Printing apparatus

A printing apparatus having a plurality of printing wires or hammers. The printing apparatus has a main drive driven continuously at a resonance frequency so as to supply energy to the plurality of printing wires or hammers, a plurality of selective drives corresponding to the plurality of printing wires or hammers, selectively energized by printing signals so as to transmit the driving energy to the printing wires or hammers. The printer head assembly can be extremely small sized and operate with low energy.

BACKGROUND OF THE INVENTION 
This invention relates to an impact type printer having a plurality of 
print wires or hammers. Impact printers are well known in the prior art. 
As an example, a wire dot matrix printer, a typical impact printer has a 
plurality of solenoid-driven wires mounted within a movable print head 
which traverses a paper. During movement of the print head across the 
paper, selected solenoids are energized and drive the corresponding print 
wires to impact an inked ribbon and ultimately the paper to form 
dot-column patterns at closely spaced intervals across the print line. The 
print head utilizes seven or nine solenoid driven print wires and 
successively forms five or seven dot column patterns so as to form 
alphanumeric patterns. 
Nowadays wire dot matrix printers are very popular because of their 
superior characteristics such as simplicity of the mechanism, high speed 
of solenoid operation, high reliability, and ability to make at the same 
time.
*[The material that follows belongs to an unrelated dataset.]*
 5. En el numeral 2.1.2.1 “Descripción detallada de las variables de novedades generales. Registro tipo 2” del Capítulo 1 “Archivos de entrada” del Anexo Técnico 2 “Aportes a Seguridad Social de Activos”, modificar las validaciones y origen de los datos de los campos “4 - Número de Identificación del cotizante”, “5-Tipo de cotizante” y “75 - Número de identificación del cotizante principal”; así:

Due to the popularization of readily usable computer systems, dot 
matrix printers functioning as output apparatus for such computer systems 
are required to have at least 16 print wires so as to print not only 
alphanumeric characters but also chinese characters and graphic patterns. 
SUMMARY OF THE INVENTION 
The present invention seeks to provide a novel and small impact printer 
having a plurality of printing members and driven by an amount of electric 
power lower than heretofore achieved in conventional systems. The impact 
printer of the present invention has a main drive means continuously 
driven and generates driving power for operation of printing members, and 
a plurality of trigger driving means selectively energized according to 
print signals so as to transmit the driving power to the print members to 
impact the paper. 
It is therefore an object of the present invention to provide an impact 
printer which is small-sized and consumes a small amount of power. 
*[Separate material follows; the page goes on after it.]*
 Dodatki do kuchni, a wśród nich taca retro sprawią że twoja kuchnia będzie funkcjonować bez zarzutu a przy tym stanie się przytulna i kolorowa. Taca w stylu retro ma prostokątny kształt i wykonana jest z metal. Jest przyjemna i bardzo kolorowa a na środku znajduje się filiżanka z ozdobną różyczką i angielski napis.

It is another object of the present invention to provide an impact printer 
which has a main driving means and trigger driving means for driving 
printing members.

DETAILED DESCRIPTION OF THE INVENTION 
Referring to FIG. 1, a print head assembly 1 is mounted on a carriage base 
2 capable of sliding parallel with paper 3. The carriage base 2 is moved 
parallel with the paper 3 at a constant speed by means of drive pulley 4a, 
idle pulley 4b and a drive wire rope 5, the drive pulley 4a being driven 
by a carriage drive motor 6. 
FIG. 2 is a cross-sectional view of the print head assembly 1 showing the 
internal structure thereof in detail. Print wires 7 are all arranged to 
converge at the front end of a wire housing 8 and aligned along an 
imaginary straight line. A jewel bearing 9 is mounted on the front end of 
the wire housing 8. The jewel bearing 9 has openings corresponding to the 
print wires 7 for guiding the front ends of the print wires 7. The print 
wires 7 are slidably supported by the jewel bearing 9 and fixed to print 
springs 10 at the rear ends, respectively. Each print spring 10 is made of 
magnetic material and has a magnetic chip 11 on the surface opposite to 
that to which each print wire 7 is connected. The print springs 10 and 
magnets 12 are mounted on the inside of the wire housing 8. A trigger yoke 
13 made of magnetic material and having a release coil 14 wound 
therearound has one end fixed to a corresponding magnet 12, and the other 
end surface faces the corresponding magnetic chip 11 mounted on the 
corresponding print spring 10 with a gap therebetween. 
Each spring 10, magnetic chip 11, magnet 12, trigger yoke 13 and release 
coil 14 constitute a selective (or trigger) driving mechanism. 
FIG. 2 shows the print head assembly 1 impacting a ribbon 15 and indirectly 
the paper 3. An armature 16 carrying a driving member 17 is pulled by a 
main solenoid 18 mounted on the rear part of the wire housing 8 so as to 
move the print wires 7 to the reset position. A main spring 19 is mounted 
on the wire housing 8 for urging the armature 16 to move in the opposite 
direction it is pulled by solenoid 18. The driving member 17 has a 
projection 20 at the front end, which catches and pulls the print spring 
10 until the magnetic chip 11 contacts with the trigger yoke 13 when the 
solenoid is energized as shown in FIG. 3.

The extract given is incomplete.